Look here: https://developer.mozilla.org/en-US/docs/Web/JavaScript/Reference/Global_Objects/Function

Also, eval() should work too, but from the same quick search it looks like it's not the best method in some cases.

The key is that you can't write any code, since this is going to execute on a third party website.

All you can count on is that the third party site will read the first part of the cookie up untill the first semi colon, and that that read will take place in a <script> tag. Something that you do within that string

had got to effect the way the third party web page displaye its page

I don't think that's possible, you need to convert that text into a function, so you need to write more code. Also, cookies are not meant to be used as code, what you're trying to do sounds bad.

Seconding what's being suggested above, this was probably meant to be mangled using eval(). It is generally avoided due to its extreme risk of malicious code injection.

As far as I can understand document.write was supposed to be dropped years ago; before dynamic DOM was standard. It is just easier to build the DOM yourself.

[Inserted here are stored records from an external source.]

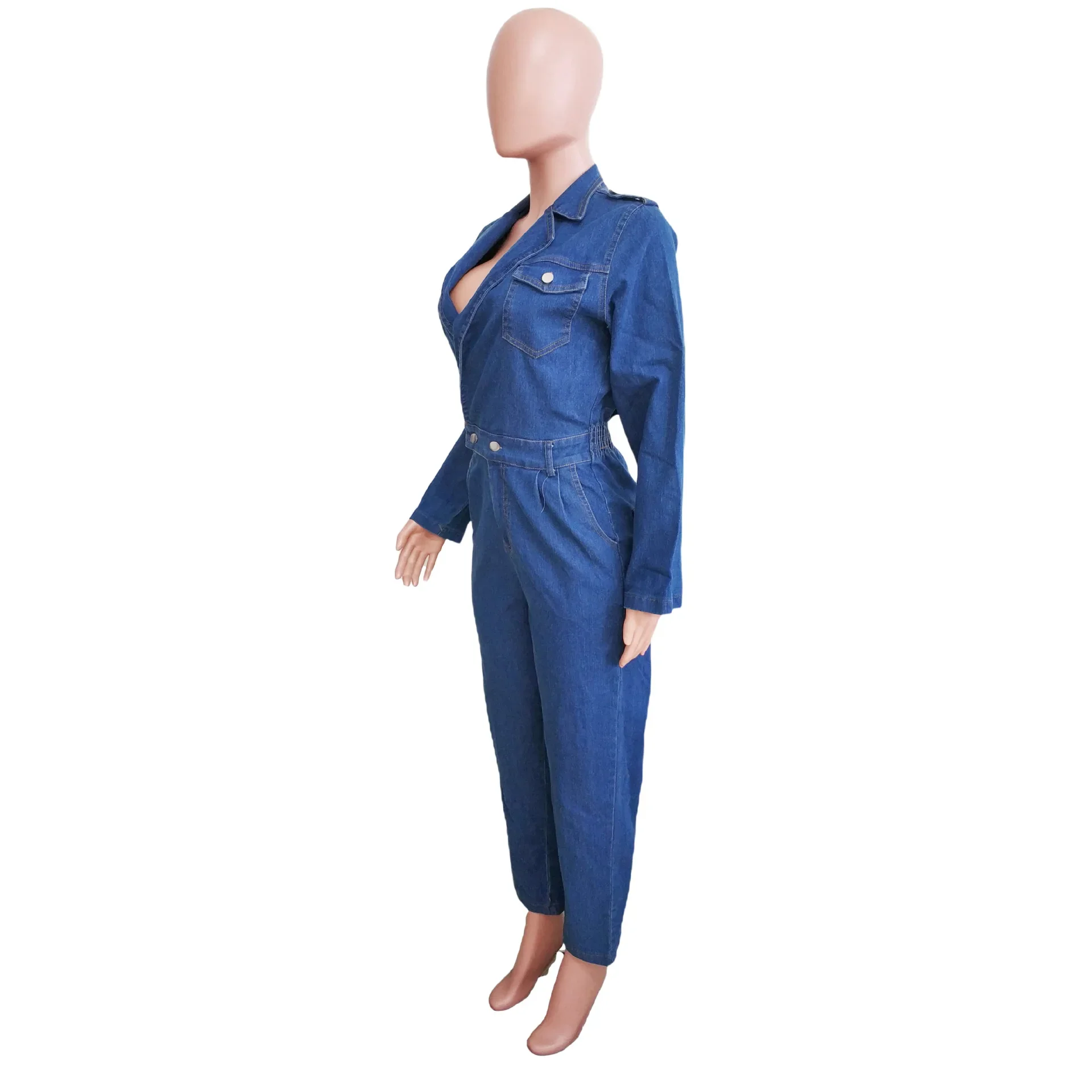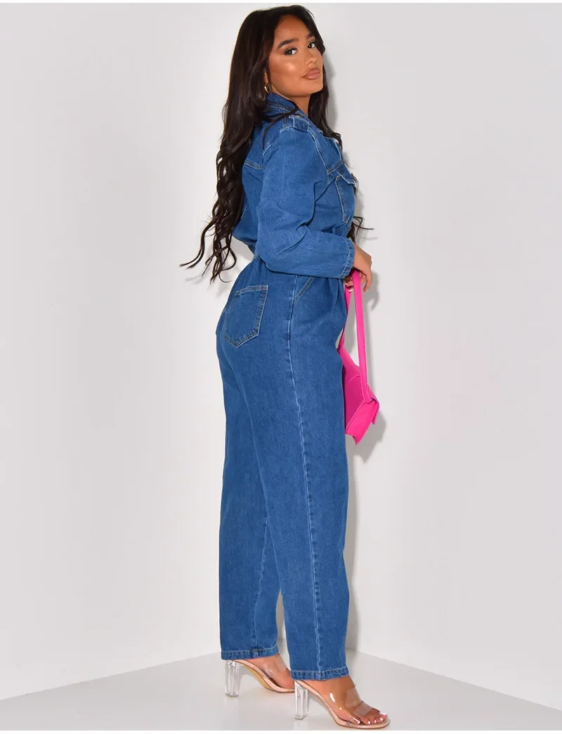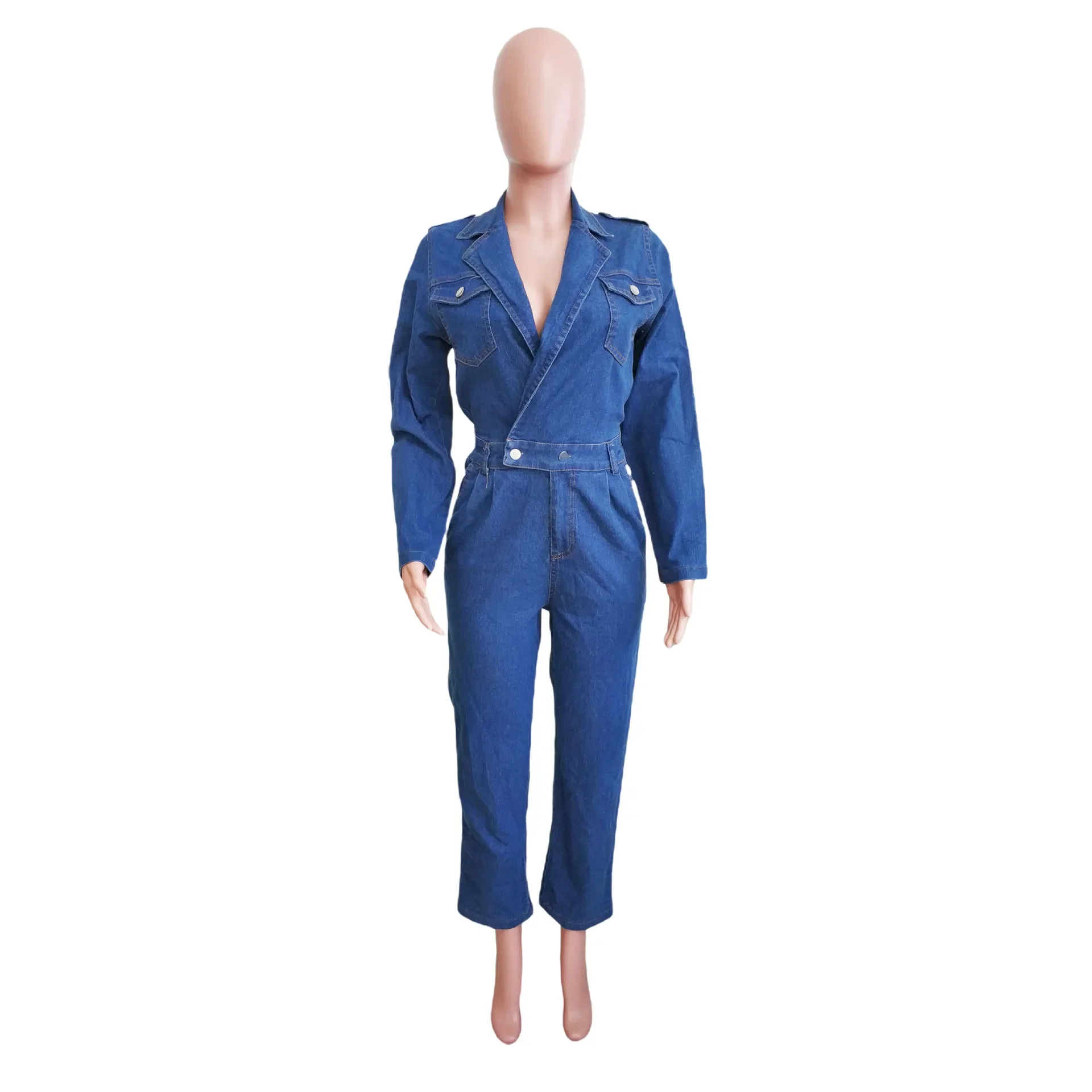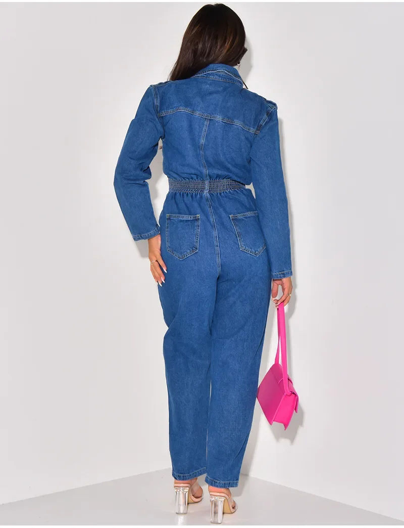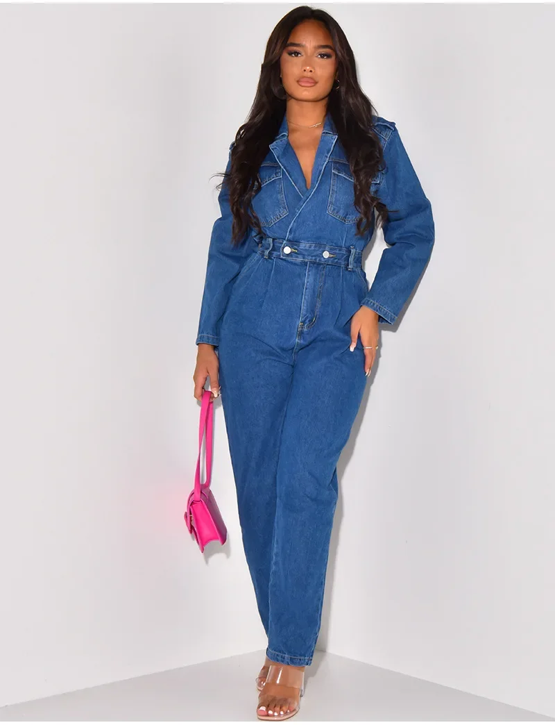 Jumpsuit Women Denim Overalls Vintage One Pieces Jeans Stretch Long Sleeve Casual Romper Overalls Streetwear Female Jumpsuits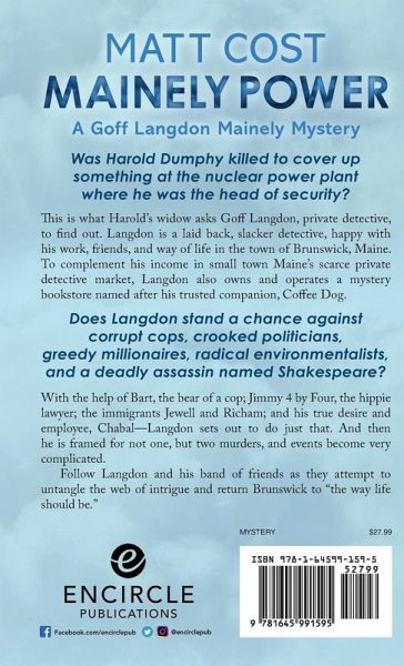 Was Harold Dumphy killed to cover up something at the nuclear power plant where he was the head of security? This is what Harold's widow asks Goff Langdon, private detective, to find out. Langdon is a laid back, slacker detective, happy with his work, friends, and way of life in the town of Brunswick, Maine. To compliment his income in small town Maine's scarce private detective market, Langdon also owns and operates a mystery bookstore named after his trusted companion, Coffee Dog. Does Langdon stand a chance against corrupt cops, crooked politicians, greedy millionaires, radical environmentalists, and a deadly assassin named Shakespeare? With the help of Bart, the bear of a cop; Jimmy 4 by Four, the hippie lawyer; the immigrants Jewell and Richam; and his true desire and employee, Chabal-Langdon sets out to do just that. And then he is framed for not one, but two murders, and events become very complicated. Follow Langdon and his band of friends as they attempt to untangle the web of intrigue and return Brunswick to "the way life should be."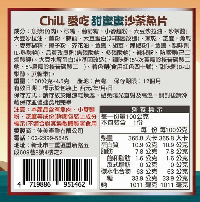 - 主商品尺寸/規格/重量:【產品規格】 品名 : 甜蜜沙茶魚片 成份:魚漿(魚肉)、砂糖、葡萄糖、小麥麵粉、大豆沙拉油、沙茶醬[大豆沙拉油、薑粉、蒜頭、大豆蛋白(非基因改造)、蔥乾、芝麻、魚乾、麥芽糊精、椰子粉、芥花油、食鹽、胡荽、辣椒粉]、食鹽、調味劑(L-麩酸鈉)、品質改良劑(焦磷酸鈉、多磷酸鈉)、辣椒粉、防腐劑(己二烯酸鉀)、大豆水解蛋白(非基因改造)、調味劑(5'-次黃嘌呤核苷磷酸二鈉、5'-鳥嘌呤核苷磷酸二纳)、着色劑(食用紅色四十號)、甜味劑(D-山梨醇、蔗糖素) 食品添加物:調味劑(L-麩酸鈉)、品質改良劑(焦磷酸鈉、多磷酸鈉)、辣椒粉、防腐劑(己二烯酸鉀)、調味劑(5'-次黃嘌呤核苷磷酸二鈉、5'-鳥嘌呤核苷磷酸二纳)、着色劑(食用紅色四十號)、甜味劑(D-山梨醇、蔗糖素) 規格:100g±4.5g/包 保存期限:12個月(未拆封) 有效日期:標示於包裝上 有效日期說明:180天~365天,以消費者收受日起算,至少距有效日期前180日以上 保存方式:請存放於陰涼乾燥處、避免陽光直射及高溫、開封後請冷藏保存並儘速食用完畢 產地:台灣 國際條碼 : 4719886951462 【責任廠商】 負責廠商 : 佳美產業有限公司 地址 : 新北市三重區重新路5段609巷10-8號1樓 電話 : 02-29995545 食品業者登錄字號 : F-183107437-00000-6 產品責任險字號 : 國泰世華產險1516 字第09PD03471號 【注意事項】 ※本產品含有魚肉、鱈魚、小麥麵粉、大豆等成份(詳閱包裝上成分標示)不適合對其過敏體質者食用
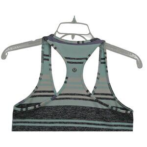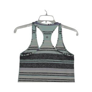 Lululemon Mint & Gray Striped Racerback Tank – Built‑In Shelf Bra (4–6)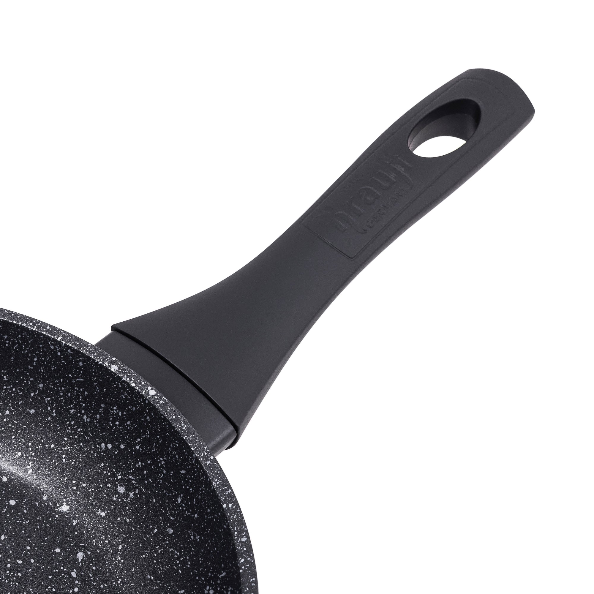 Ручка виготовлена з термостійкого бакеліту — вона не нагрівається навіть під час тривалого готування. А приємне soft-touch покриття забезпечує м’яке, комфортне зчеплення з рукою без ковзання. Зручно тримати, легко керувати.

The bad news is, if you have no control on the remote page and somehow plug in your logic... then you're in for pain. Try eval(). That said, this stuff doesn't make any sense to me.

Previously "Krohm"

There is no automatic way to cause a cookie's value to be interpreted as Javascript. If the site is poorly written, it might be possible to inject content or code into the site, but that is a security bug in the site and should be reported so it can be fixed.